Can StyleTTS2 use phonemization from different languages to finetune or train?

Open tanishbajaj101 opened this issue 1 year ago • 1 comments

I am trying to make a model that can accomodate words from both my native language, along with words from English. My native language is Hindi, written in devanagari script

Here is an example "मेरा car service 21 जुलाई को scheduled है, क्या आप मुझे इसके सभी details दे सकते हैं?" of what I want

This is the phonemized output, that gives output in 2 diff. languages at the same time (hi)meːɾaː(enus) kɑːɹ sɜːvɪs twɛnti wʌn (hi)ɟʊlaːi koː(enus) skɛdʒuːld (hi)hɛː(enus) (hi)kːjaː aːp mʊɟʰeː ɪskeː sʌbʰi(enus) diːteɪlz (hi)deː sʌkteː hɛ̃(enus) Here it detects two different scripts and marks them as (hi) for hindi and (enus) for american english?

If i record appropriate sounds, would I be able to train the model appropriately?

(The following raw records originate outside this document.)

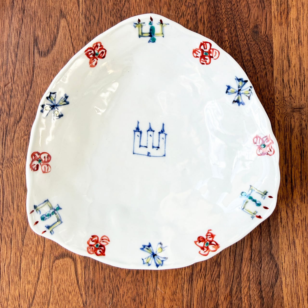 この美しい三角形のお皿は、貞土窯の松尾貞一郎・松尾三希子夫妻によって手掛けられた作品です。
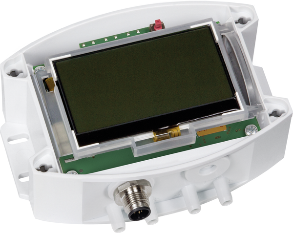 Calibratable dual pressure sensors/dual differential pressure transducers and volume flow transducers PREMASGARD® 722x (series) with 2 x 8 switchable measuring ranges, 2 automatic output signals (32 devices in one), housing with pressure connection spigot made of impact-resistant plastic, optionally with/without display, with cable gland or M12 plug connector in accordance with DIN EN 61076-2-101 for measuring positive, negative or differential air pressures. The pressure transmitters automatically detect the required output type and convert the measured variables into the required standard signal of 0-10 V or 4...20 mA (Automatic Output Switching). We have patented this unique technology.
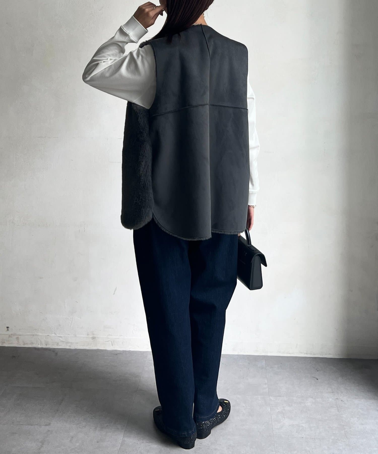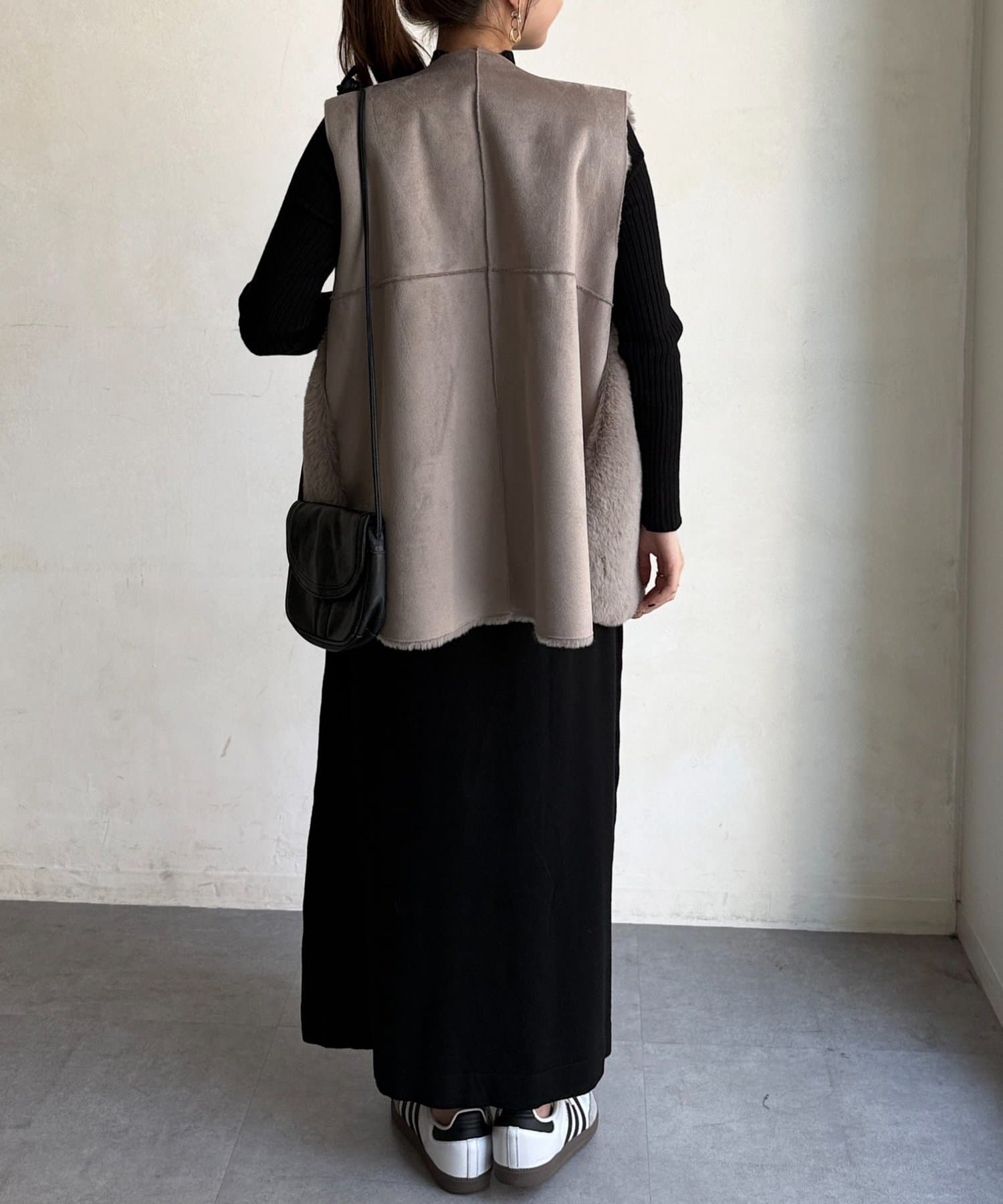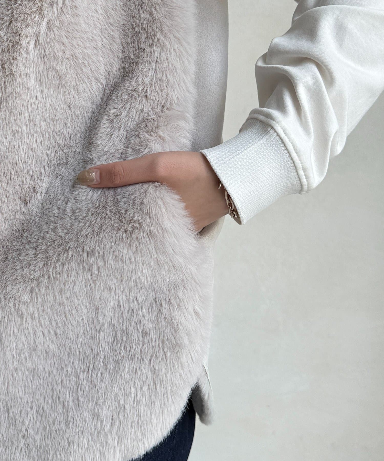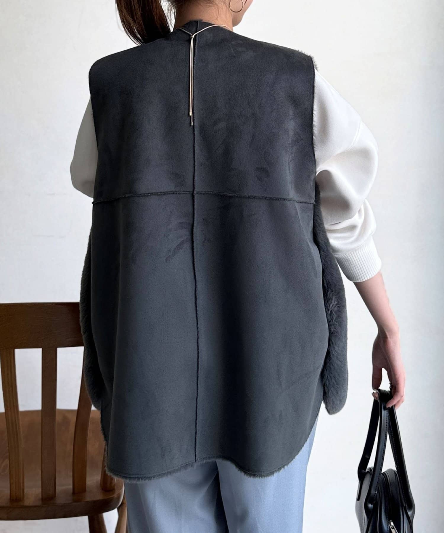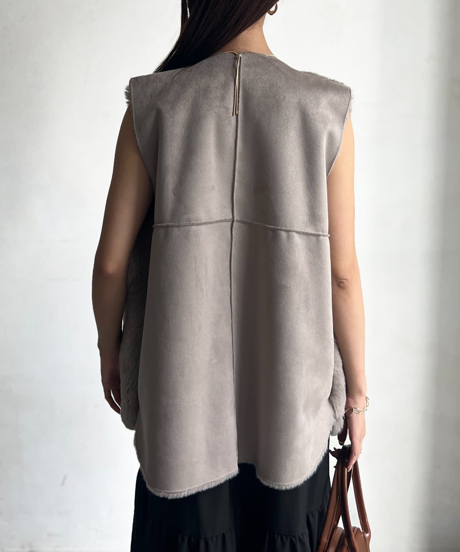 前がフェイクファーで後ろがフェイクムートンの切替ベスト。
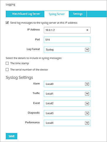 - In the Syslog Server section, select the Send log messages to the syslog server at this IP address check box.
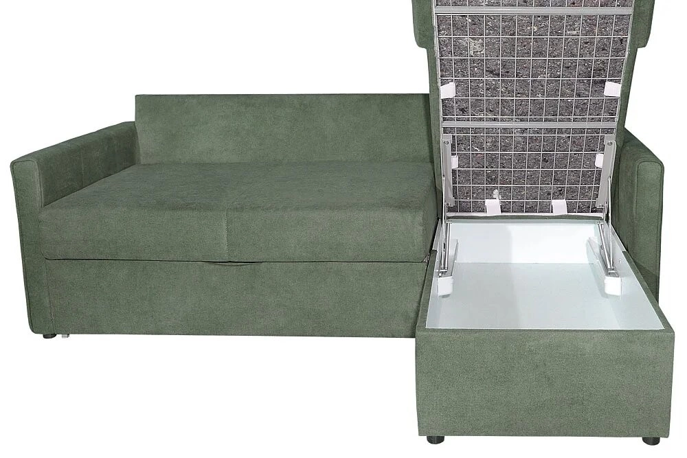 - Каркас диванной части, спального места и сиденья оттоманки: металлический
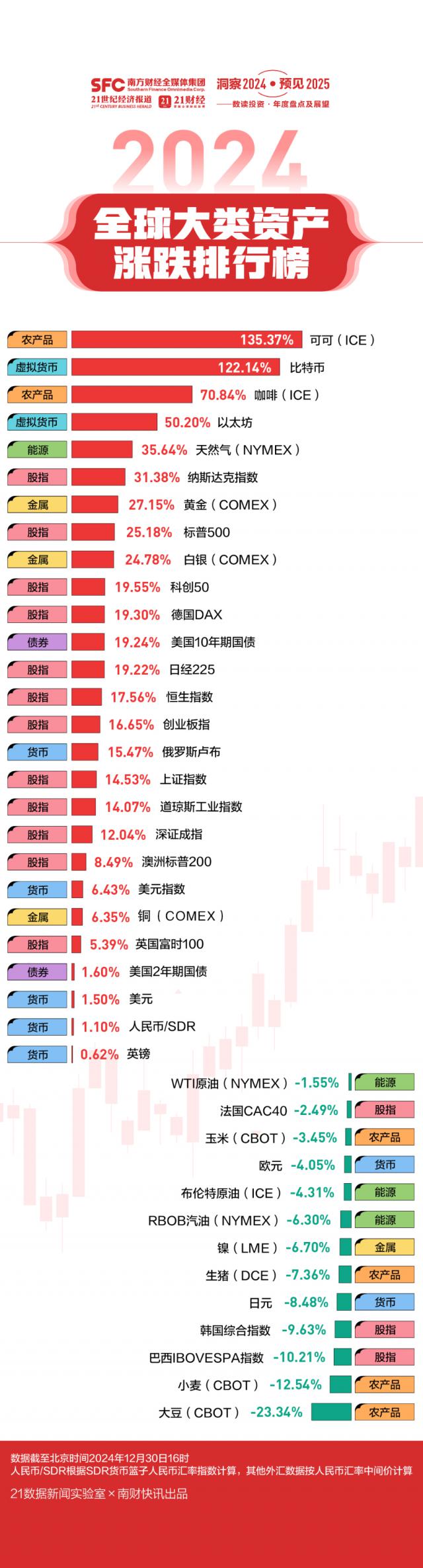 具体而言,2024 年度交易市场上涨的品种有哪些?哪些正在下跌?2025 每年的主要资产前景如何?21 资料新闻实验室 × 南财快讯带你一文阅读>>
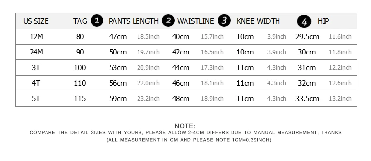 [Description]: Baby Pants [Color]: As The Photos [MOQ]: 1 pcs [Material]: Cotton [Packaging]: 1 pcs Packed In 1 Bag Dear customers, because size has different definition from country to county, please consider not only sizes,but measurement data. (Unit:cm 1 Inch=2.54cm). … Read More
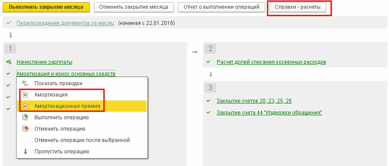 Найти справку из «Закрытия месяца» можно, перейдя в раздел «Операции–Закрытие месяца». Бухгалтерская справка-расчет будет доступна только при успешном завершении регламентной операции, и об этом будет свидетельствовать зеленая галка рядом с соответствующей операцией.
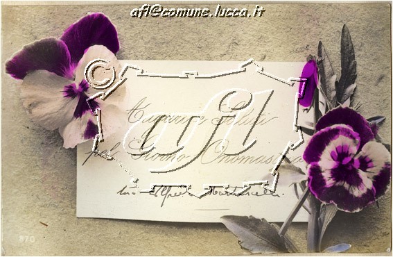 [Cartolina di auguri per il giorno onomastico con viole del pensiero (JMF 3139)
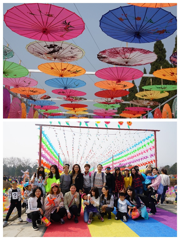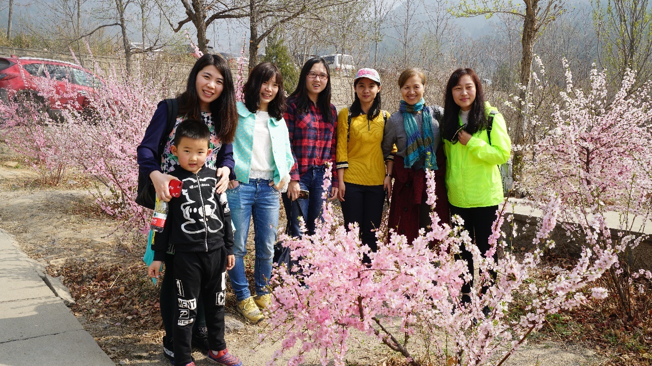 从停车场出来去往风车节的小路上,桃花摇曳,女老师们的心情也格外的好。

Jul 19 '24 05:07 tanishbajaj101

I am working on a similar project. There are a few Turkish words within English texts. Is it possible for TTS to read both English and Turkish together? For example, can a sentence like "After Atatürk Caddesi(Turkish words), you need to go one more kilometer" be read realistically? If this is possible, should I train it only with English audio files containing Turkish words, or should I also include audio files with only Turkish words in the training?

Jan 31 '25 09:01 fkaplan